Thorne had a nice expanse of manicured ground, drowned by the rain now, a garage as big as the average house, and the mansion itself. It was of frame and native stone, painted white. Clane thought he might like it on a sunny day, but it looked a gloomy pile in the rain.
He parked under a portico and walked to the front door. His ring was answered at once by a uniformed maid. She took his coat and hat and hung them in a small closet off the foyer. Clane looked the girl over but she was too drab for his taste. And a little too thin. She looked about twenty-two, and he couldn’t decide whether she looked frightened because she was pop-eyed or looked pop-eyed because she was frightened. He wondered what kind of man Thorne was with the ladies.
Then he met Thorne’s wife, Natalie. She was an ice blonde; a slick, well groomed forty, he estimated. He saw signs of the chorus years but he admitted she could have passed for thirty even in hard daylight. Her almost patrician features would have been more effective with less vivid make-up
, but the gold cloth gown she had poured herself into held his eyes more than her features. She was a tall woman and she carried herself as if the gown were part of her. Watching Thorne look at her, Clane could see the man’s weakness lying openly on his face and in his hard eyes. He would have no thought for any woman but his wife.

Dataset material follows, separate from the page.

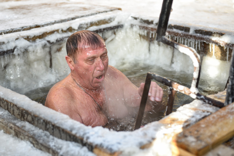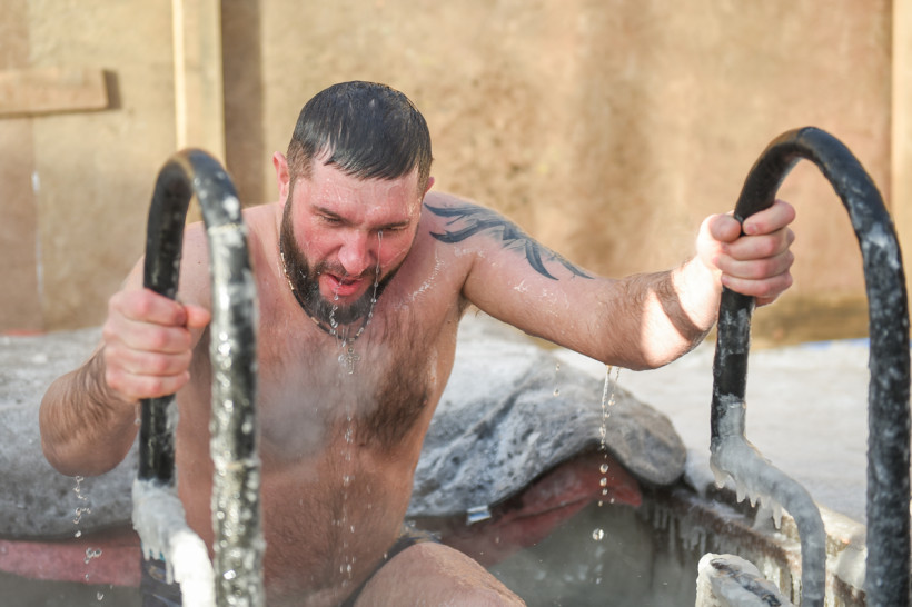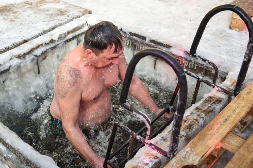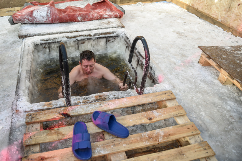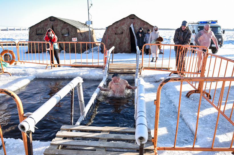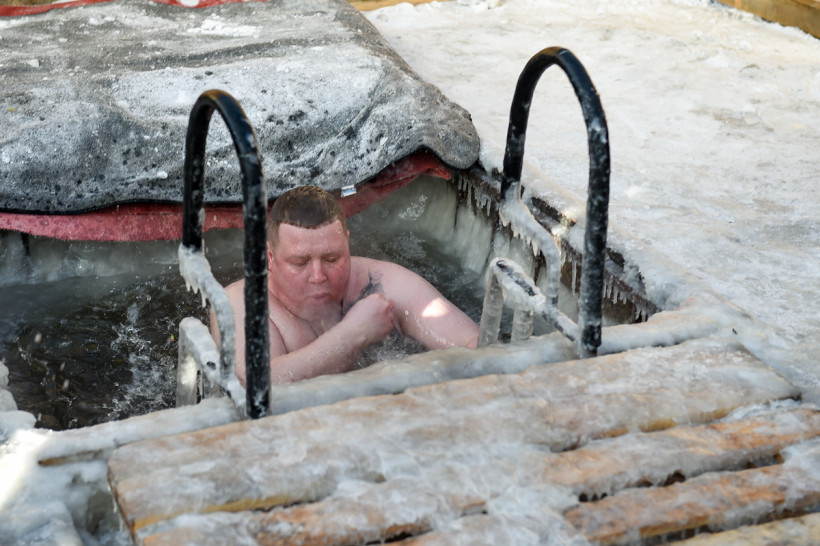 Наверное, самыми отважными сегодня стали те, кто решился окунуться в прорубь на открытом воздухе. Здесь греет лишь внутреннее чувство победы над своими страхами.

Thorne said, “We’ll have cocktails and then eat.”
“So you’re Clane,” Natalie Thorne said. Her contralto voice held speculation. “You don’t look like Dunlop.”

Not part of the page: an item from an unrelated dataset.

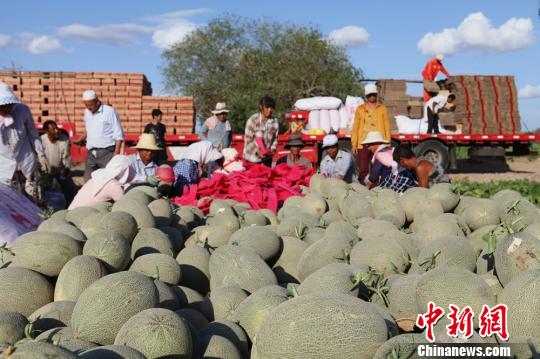中新網新疆哈密7月2日電 (史玉江 朱錦慧)隨著盛夏的到來,新疆哈密市中國哈密瓜原產地核心區種植基地的哈密瓜陸續成熟上市,吸引了海南、江西、廣東、上海、深圳等地客商前來搶購。

“I’m not the only one,” Clane said. His brooding eyes took in the luxuriously furnished living room. It was defiantly modern, a decor such as he would have expected of Natalie Thorne. And it was bright and warm after the gloom of outside.

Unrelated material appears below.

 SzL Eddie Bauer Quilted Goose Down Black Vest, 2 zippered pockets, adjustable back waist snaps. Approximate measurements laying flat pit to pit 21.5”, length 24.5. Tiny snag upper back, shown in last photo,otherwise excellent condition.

“I like small puddles,” Thorne said.
“So do I,” Clane agreed. “But I don’t try to take all the water.”
“That’s a good way to be,” Thorne told him.
Clane had two cocktails and there was a smooth sauterne with the pheasant at dinner. Natalie Thorne led the conversation, chatting easily with Clane and her husband. She asked Clane’s opinion of the town and the weather, but there was nothing Clane heard that had any bearing on why he had been invited. He was beginning to feel anxious when Thorne rose from the table.
“We’ll have our brandy in the library, Clane.”
“Don’t let Ed shoot dice with you,” Natalie said throatily. Clane caught her eyes. They were sultry. He took a second look, a long one. He turned away, following Thorne. He felt uncomfortable. Thorne was a man of strength and violence, and a man who worshipped his sleek wife. And Clane knew that she had deliberately made him feel a physical pull toward her. He wondered what kind of wrench she would throw into the situation.
Thorne seated himself in a leather chair and waited for Clane to do the same. He poured brandy for them both and offered Clane a cigar. Clane refused, taking a cigarette for himself. He looked around the room a moment. It was dark and heavily masculine. The walls were lined with books and for the most part they looked well read. Thorne’s furniture was utilitarian rather than made for eye appeal. There was a fireplace with a brisk fire going. Clane decided that Thorne liked fireplaces.